▸ YOUR GOAL
Retype the lines below exactly, from the one that contains "但目前在Fe2O3上降低開啟" through the last, and leave every picture out.
EXERCISE INPUTS START
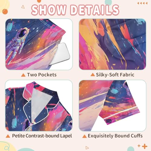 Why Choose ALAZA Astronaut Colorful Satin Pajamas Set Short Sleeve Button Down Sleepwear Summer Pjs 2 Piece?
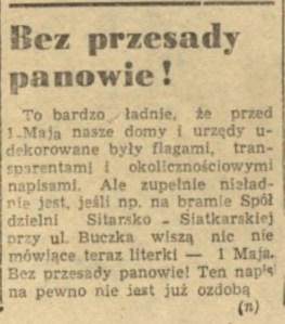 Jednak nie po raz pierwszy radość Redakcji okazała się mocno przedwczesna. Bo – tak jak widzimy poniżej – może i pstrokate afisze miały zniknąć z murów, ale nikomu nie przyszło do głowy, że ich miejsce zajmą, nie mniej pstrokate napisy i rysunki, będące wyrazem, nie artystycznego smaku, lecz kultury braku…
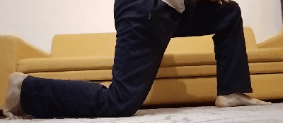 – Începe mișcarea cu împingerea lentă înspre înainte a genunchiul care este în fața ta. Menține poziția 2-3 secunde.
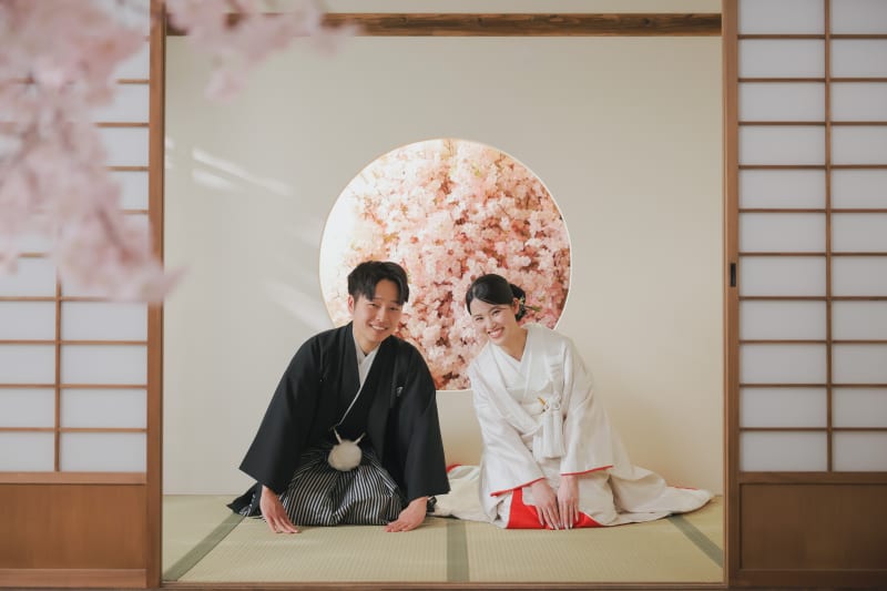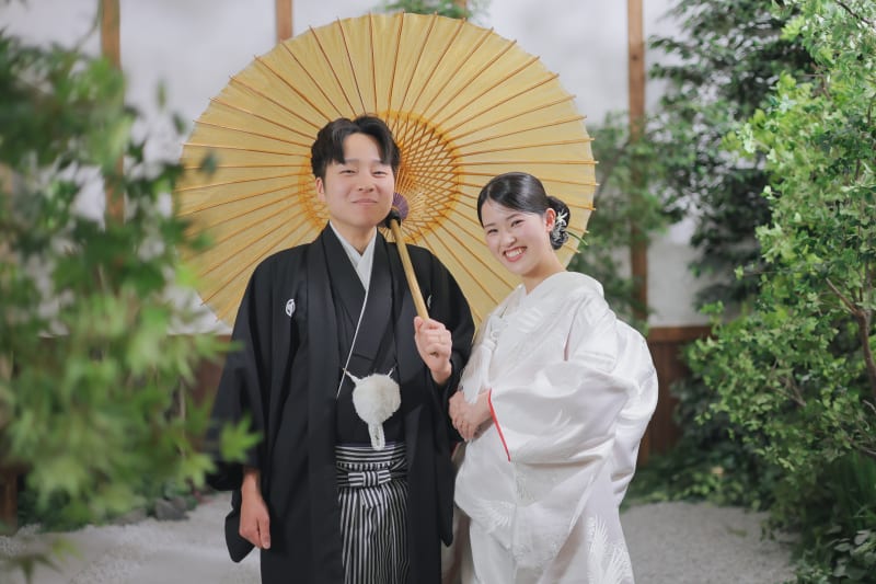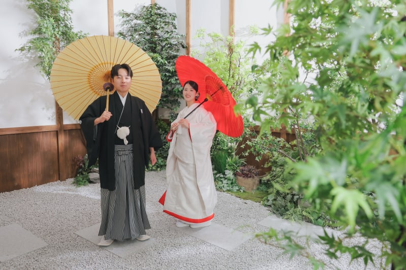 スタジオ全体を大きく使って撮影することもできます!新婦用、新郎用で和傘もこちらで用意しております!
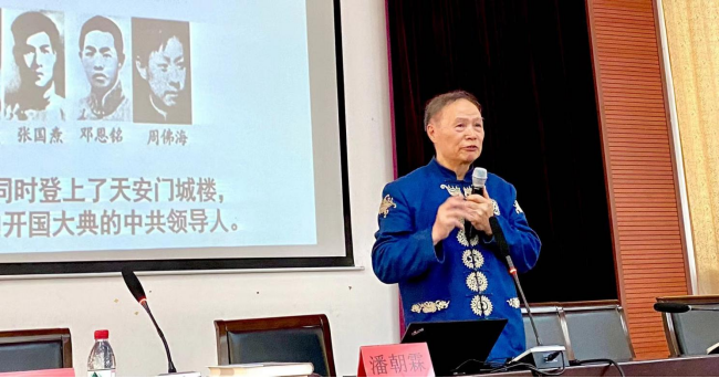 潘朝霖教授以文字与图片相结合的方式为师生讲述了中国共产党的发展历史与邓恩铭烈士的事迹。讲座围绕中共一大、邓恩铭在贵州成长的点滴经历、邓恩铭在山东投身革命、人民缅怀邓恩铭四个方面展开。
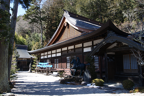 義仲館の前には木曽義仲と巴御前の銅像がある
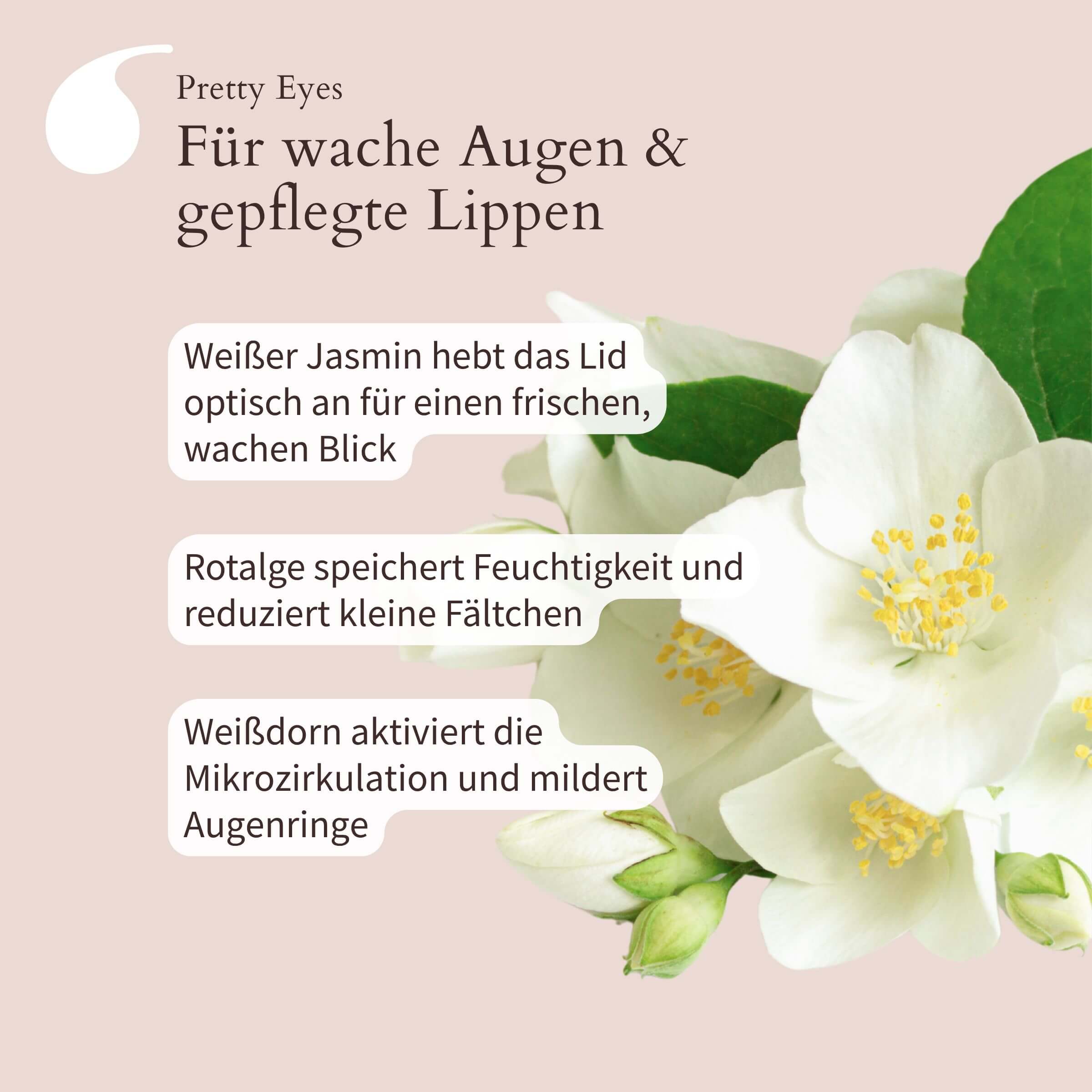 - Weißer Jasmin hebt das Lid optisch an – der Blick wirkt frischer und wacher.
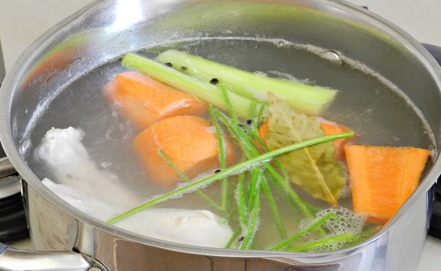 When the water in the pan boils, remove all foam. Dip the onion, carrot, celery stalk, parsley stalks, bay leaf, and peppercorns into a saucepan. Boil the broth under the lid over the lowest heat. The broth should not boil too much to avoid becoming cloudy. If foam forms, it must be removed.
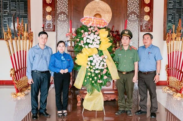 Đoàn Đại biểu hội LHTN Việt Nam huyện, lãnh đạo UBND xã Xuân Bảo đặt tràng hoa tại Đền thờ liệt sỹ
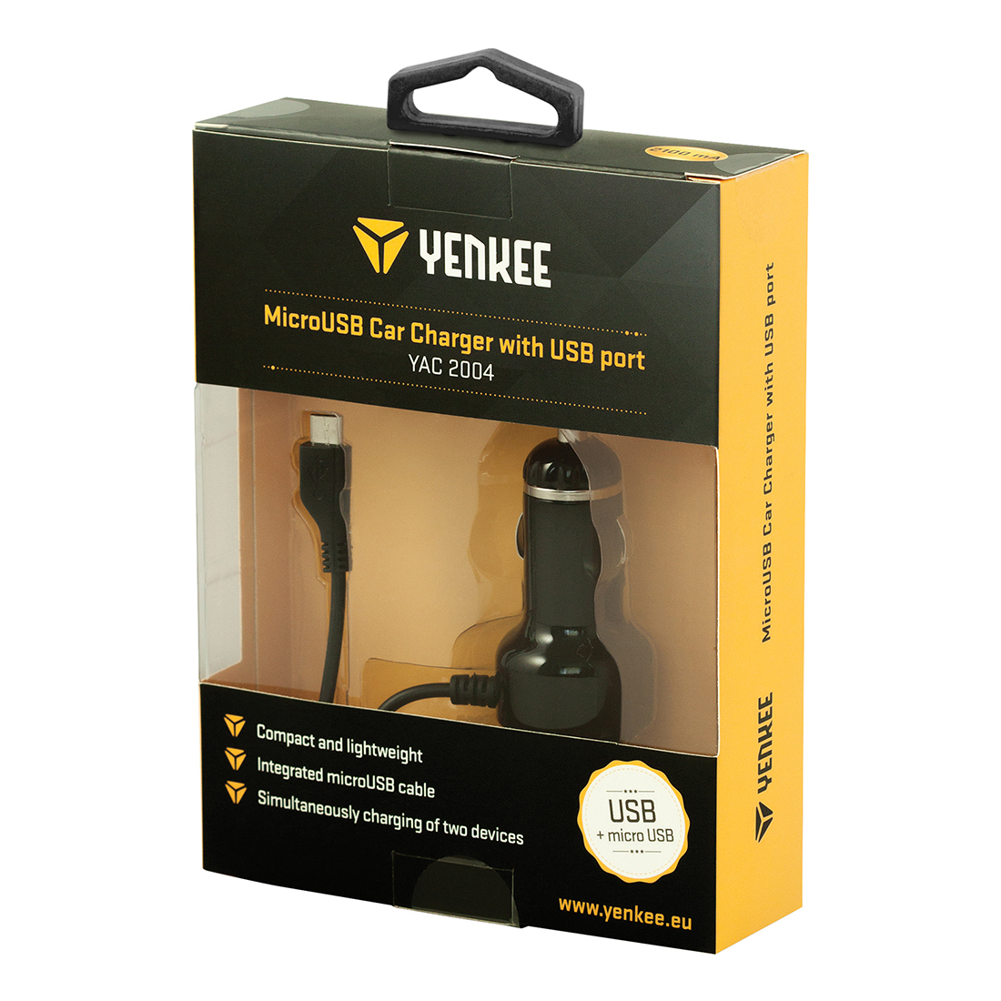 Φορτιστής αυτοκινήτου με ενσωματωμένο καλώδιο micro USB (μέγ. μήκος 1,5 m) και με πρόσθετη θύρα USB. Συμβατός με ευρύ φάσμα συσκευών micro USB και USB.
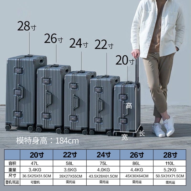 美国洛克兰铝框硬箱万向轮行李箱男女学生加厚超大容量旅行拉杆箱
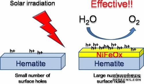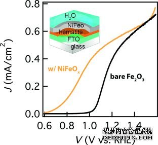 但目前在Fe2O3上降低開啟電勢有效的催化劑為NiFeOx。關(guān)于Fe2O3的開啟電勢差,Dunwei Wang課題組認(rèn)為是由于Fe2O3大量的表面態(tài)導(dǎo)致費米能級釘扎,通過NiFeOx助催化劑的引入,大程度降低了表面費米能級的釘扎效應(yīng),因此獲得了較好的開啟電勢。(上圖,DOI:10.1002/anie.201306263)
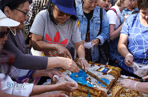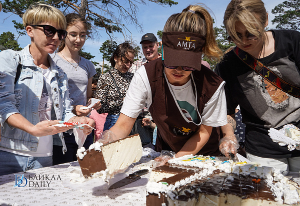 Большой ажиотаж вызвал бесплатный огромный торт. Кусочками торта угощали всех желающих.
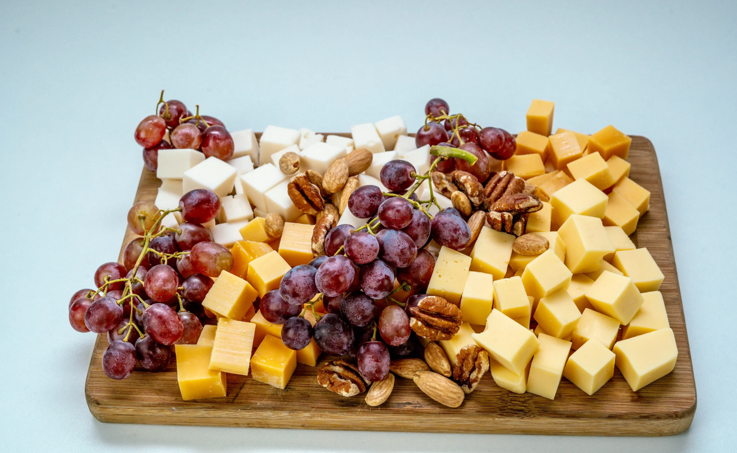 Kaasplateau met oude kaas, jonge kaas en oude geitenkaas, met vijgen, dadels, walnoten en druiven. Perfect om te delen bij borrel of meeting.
EXERCISE INPUTS END
▸ RESPONSE AREA
 但目前在Fe2O3上降低開啟電勢有效的催化劑為NiFeOx。關(guān)于Fe2O3的開啟電勢差,Dunwei Wang課題組認(rèn)為是由于Fe2O3大量的表面態(tài)導(dǎo)致費米能級釘扎,通過NiFeOx助催化劑的引入,大程度降低了表面費米能級的釘扎效應(yīng),因此獲得了較好的開啟電勢。(上圖,DOI:10.1002/anie.201306263)
 Большой ажиотаж вызвал бесплатный огромный торт. Кусочками торта угощали всех желающих.
 Kaasplateau met oude kaas, jonge kaas en oude geitenkaas, met vijgen, dadels, walnoten en druiven. Perfect om te delen bij borrel of meeting.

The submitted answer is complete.